MITOCHONDRION – Vitriseptome
Dopo un primo album formidabile uscito ormai nel 2008, prodotto interamente per conto proprio, i Mitochondrion sono stati presi, inevitabilmente, dalla Profound Lore. Inevitabilmente perché, se avete avuto il piacere di ascoltarlo, è proprio il tipo di musica che l’etichetta canadese non poteva non fare propria. Arriva quindi nel 2011 un secondo Lp altrettanto fenomenale sebbene più inquadrato (si fa per dire), proprio perché prodotto professionalmente. I due dischi suscitarono grande attenzione ed entusiasmo nella scena death underground, dando alla band canadese una discreta rilevanza. Poi sono seguiti un Ep nel 2013 e uno split nel 2016. Dopodiché sono spariti. O meglio, si sono messi a lavorare su questo Vitriseptome, un doppio mastodontico album di potentissimo death metal della durata di quasi un’ora e mezza. Pochi intermezzi acustici, tanta musica, tanta oscurità. Usare la parola album forse non è corretto. Sarebbe più corretto definirla opera, visto che, oltre alla lunghezza, i brani sono spesso collegati tra loro e quasi non c’è interruzione tra l’uno e l’altro. Praticamente, un vortice che trascina l’ascoltatore in un abisso di orrore. Dopo il primo ascolto vi ritroverete come quando, all’uscita dal cinema, vi siete immersi talmente tanto nell’immaginario del film che avete bisogno di qualche minuto prima di riprendere contatto con la realtà. Tanto più che le ultime due tracce, Viabyssm e Antitonement, vi massacreranno definitivamente con la loro durata di 11 minuti l’una.
In questa opera rimangono intatte tutte le caratteristiche per le quali i canadesi si erano fatti apprezzare: atmosfere malvagie, brutalità sonora talvolta al limite del caos, ma anche idee molto chiare su cosa suonare e come suonarlo. Come i due dischi precedenti, anche Vitriseptome, richiede parecchi ascolti, ma non darà mai la sensazione che il brodo sia stato allungato per il gusto sadico di arrivare a quasi novanta minuti solo per il gusto di farlo. No, ogni cosa è esattamente dove deve essere. A differenziare questo ultimo lavoro dai due precedenti è una più spiccata ricerca melodica e una produzione eccelsa che mette in risalto ogni singolo suono all’interno delle canzoni, restituendo una potenza sonora devastante e capace di aprire un immaginario talmente orrorifico da essere quasi vivo.

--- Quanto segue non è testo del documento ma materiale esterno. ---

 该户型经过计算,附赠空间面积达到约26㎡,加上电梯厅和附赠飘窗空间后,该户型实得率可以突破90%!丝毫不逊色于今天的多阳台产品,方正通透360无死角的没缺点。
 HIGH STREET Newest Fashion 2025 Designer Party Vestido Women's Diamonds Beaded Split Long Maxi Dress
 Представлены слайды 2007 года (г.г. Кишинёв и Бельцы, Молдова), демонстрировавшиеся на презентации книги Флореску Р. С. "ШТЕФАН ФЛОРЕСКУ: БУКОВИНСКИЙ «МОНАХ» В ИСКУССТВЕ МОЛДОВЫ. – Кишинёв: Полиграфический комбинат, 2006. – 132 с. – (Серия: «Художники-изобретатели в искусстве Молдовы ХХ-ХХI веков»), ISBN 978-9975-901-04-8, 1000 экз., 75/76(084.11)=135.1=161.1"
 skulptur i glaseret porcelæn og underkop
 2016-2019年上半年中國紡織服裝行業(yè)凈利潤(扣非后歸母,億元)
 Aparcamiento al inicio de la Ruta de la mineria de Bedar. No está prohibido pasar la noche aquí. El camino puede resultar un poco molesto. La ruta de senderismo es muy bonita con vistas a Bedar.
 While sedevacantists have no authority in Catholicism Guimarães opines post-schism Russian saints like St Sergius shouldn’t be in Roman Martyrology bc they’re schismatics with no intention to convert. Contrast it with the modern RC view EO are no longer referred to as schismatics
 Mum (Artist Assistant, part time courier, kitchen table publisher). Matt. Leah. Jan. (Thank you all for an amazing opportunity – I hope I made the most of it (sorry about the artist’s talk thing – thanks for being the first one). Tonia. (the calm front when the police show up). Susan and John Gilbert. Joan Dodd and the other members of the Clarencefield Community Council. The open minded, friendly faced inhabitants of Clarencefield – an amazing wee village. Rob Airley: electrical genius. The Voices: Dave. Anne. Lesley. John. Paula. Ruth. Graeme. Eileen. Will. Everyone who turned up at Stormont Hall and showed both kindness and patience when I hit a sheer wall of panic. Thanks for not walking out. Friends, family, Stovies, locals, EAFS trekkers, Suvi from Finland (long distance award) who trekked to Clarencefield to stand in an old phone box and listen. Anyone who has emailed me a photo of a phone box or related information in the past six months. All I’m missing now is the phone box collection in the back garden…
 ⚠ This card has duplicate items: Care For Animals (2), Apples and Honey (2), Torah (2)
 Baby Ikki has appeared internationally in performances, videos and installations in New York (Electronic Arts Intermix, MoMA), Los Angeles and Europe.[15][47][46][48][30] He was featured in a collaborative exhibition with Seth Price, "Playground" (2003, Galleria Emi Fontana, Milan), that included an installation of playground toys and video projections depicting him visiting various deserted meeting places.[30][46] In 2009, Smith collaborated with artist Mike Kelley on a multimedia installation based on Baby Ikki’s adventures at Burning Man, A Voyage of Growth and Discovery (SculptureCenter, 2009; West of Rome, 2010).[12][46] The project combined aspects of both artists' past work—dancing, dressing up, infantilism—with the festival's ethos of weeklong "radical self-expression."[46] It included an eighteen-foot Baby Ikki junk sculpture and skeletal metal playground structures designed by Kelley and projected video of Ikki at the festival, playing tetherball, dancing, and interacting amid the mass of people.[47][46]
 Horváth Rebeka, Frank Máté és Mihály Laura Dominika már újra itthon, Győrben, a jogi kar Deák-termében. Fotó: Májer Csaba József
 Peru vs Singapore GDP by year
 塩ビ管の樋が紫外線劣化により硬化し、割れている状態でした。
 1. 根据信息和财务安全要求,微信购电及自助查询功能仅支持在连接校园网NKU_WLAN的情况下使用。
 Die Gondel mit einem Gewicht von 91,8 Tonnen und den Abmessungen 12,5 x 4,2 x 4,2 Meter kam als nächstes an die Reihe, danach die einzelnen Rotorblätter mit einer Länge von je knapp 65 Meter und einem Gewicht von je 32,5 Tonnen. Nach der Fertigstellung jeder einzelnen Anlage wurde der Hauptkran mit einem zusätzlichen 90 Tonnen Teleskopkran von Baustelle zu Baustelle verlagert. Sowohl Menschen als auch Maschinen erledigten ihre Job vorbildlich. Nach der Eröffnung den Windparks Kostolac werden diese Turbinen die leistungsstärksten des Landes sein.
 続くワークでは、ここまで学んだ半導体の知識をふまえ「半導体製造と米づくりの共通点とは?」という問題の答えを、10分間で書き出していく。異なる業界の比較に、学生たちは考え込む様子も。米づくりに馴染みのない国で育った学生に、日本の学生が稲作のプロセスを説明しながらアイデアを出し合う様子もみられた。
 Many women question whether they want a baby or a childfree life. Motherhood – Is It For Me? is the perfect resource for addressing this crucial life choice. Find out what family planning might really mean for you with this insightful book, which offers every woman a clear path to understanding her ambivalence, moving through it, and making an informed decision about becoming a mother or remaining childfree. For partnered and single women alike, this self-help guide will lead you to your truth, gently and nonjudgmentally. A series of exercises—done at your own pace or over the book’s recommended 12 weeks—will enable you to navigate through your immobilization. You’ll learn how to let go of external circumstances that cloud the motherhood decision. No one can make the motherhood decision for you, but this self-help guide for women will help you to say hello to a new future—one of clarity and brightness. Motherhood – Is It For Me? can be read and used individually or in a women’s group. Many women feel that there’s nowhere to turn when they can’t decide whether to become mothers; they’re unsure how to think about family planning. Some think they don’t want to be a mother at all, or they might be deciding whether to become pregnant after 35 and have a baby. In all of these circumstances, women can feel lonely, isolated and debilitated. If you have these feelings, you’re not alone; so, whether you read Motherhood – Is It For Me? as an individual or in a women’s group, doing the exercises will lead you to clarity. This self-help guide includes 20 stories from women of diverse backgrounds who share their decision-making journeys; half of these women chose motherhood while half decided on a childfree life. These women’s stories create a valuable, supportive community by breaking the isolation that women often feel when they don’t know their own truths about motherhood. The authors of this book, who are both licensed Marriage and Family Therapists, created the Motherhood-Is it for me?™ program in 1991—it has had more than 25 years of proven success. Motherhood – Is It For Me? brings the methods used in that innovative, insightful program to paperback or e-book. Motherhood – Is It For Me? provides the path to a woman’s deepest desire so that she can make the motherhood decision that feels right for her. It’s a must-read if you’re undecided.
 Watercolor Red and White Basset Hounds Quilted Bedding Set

Se non avete ancora avuto modo di conoscerli sicuramente questo potrà risultare un buon album di partenza, innanzitutto perché appunto più accessibile, per quanto possa esserlo un disco di death acido e sperimentale della Profound Lore, e poi perché, a mio avviso, è il migliore della loro discografia per via di una definitiva maturità artistica. Ora, se dovessero star lontani dalle scene per altri 8 anni (13 se parliamo di full), almeno ci avranno lasciato un bel po’ di materiale sul quale passare le ore. Uno dei migliori dischi di death moderno di quest’anno. Poche storie. (Luca Venturini)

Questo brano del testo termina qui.